飯野:うーん、大きなというか、いつかパブリッシャーまでやることはあるのかなあとは考えたりします。ゲームの企画開発だけをやっていても...。販売戦略やマーケティング、ユーザーとのコミニュケーションまでやるべきなんですよね。
僕が90年代後半にやってきた事は、マーケティングも含めての活動だと思ってて。ゲームの作家が前に出て、インタビューを受けたりするスタイルは当時まだ少なかったんです。自分なりにあれは良いアイデアだったなと思っています。そのように、いまの時代なりの作品を届けるアイデアとか戦略というのはあるはずで、そういうのも込みでやってみたいですね。
そもそも、何本も同じようなゲームを作っていくクリエイターじゃないから、ファンが育つとかそのゲームのコアなユーザーが出来るとかいうのもあまり無いんです。『newtonica』は1と2でゲームが全然違うし、『Dの食卓』と『Dの食卓2』の両方をやった人は分かると思うんですが、どこが2やねんと(笑)。

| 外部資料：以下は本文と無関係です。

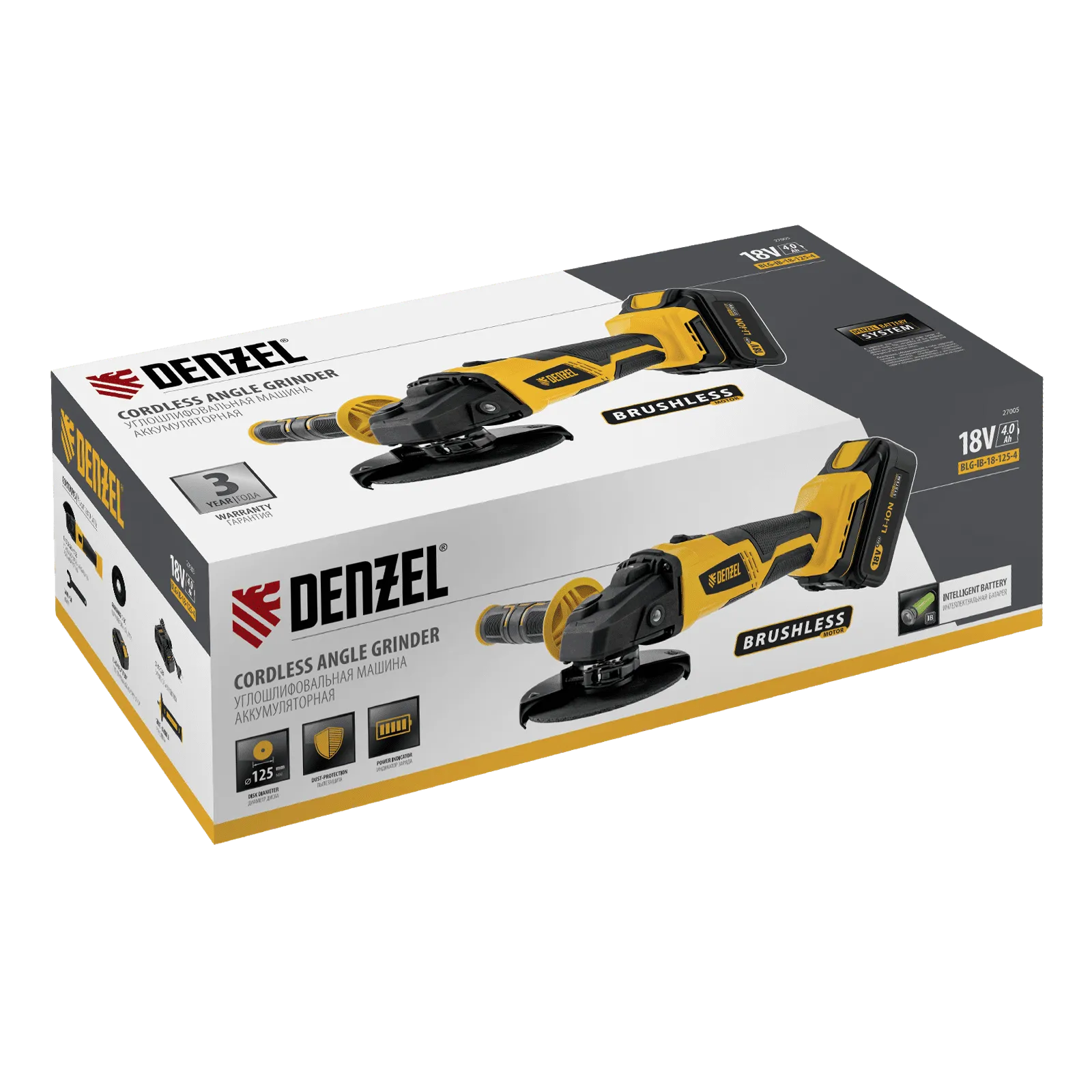 Аккумуляторная углошлифовальная машина Denzel BLG-IB-18-125-4 27005 с бесщеточным двигателем работает от аккумулятора Li-Ion с рабочим напряжением 18 В. Используется с оснасткой диаметром 125 мм для зачистки, шлифования и резки металла, камня, бетона. Мощный двигатель обеспечивает скорость вращения шпинделя 10000 об/мин, что позволяет эффективно решать поставленные задачи. Машина не нуждается в стационарном источнике электропитания, что расширяет возможности ее использования.

そんな感じなんで、ゲームをちゃんと作るならパブリッシャーまで含めてやらないといけないと分かっているので、どこかでタイミングがあれば考えるかもしれません。
―Twitterにだいぶハマっているようですね。
飯野:Twitterはブログ以来の衝撃です! Twitterはゲームの要素があるようにも思えるのね。フォロワーが増えたとか減ったとか、リプライを貰ったとか、リツイートされたとかね。ゲーム感覚。
Twitterの良い所は、現実ありきな所だと思います。誰かが外に行って「月が綺麗」だとか「あそこの食事が美味しい」とか、リアルな生活と直接結びついているのが面白いんだと思います。
Twitterのせいでブログも、ほとんど見なくなってしまいましたね。ただ、PCを立ち上げたら、先にメーラーを立ち上げてからTwitterを立ち上げることだけは肝に銘じてます(笑)。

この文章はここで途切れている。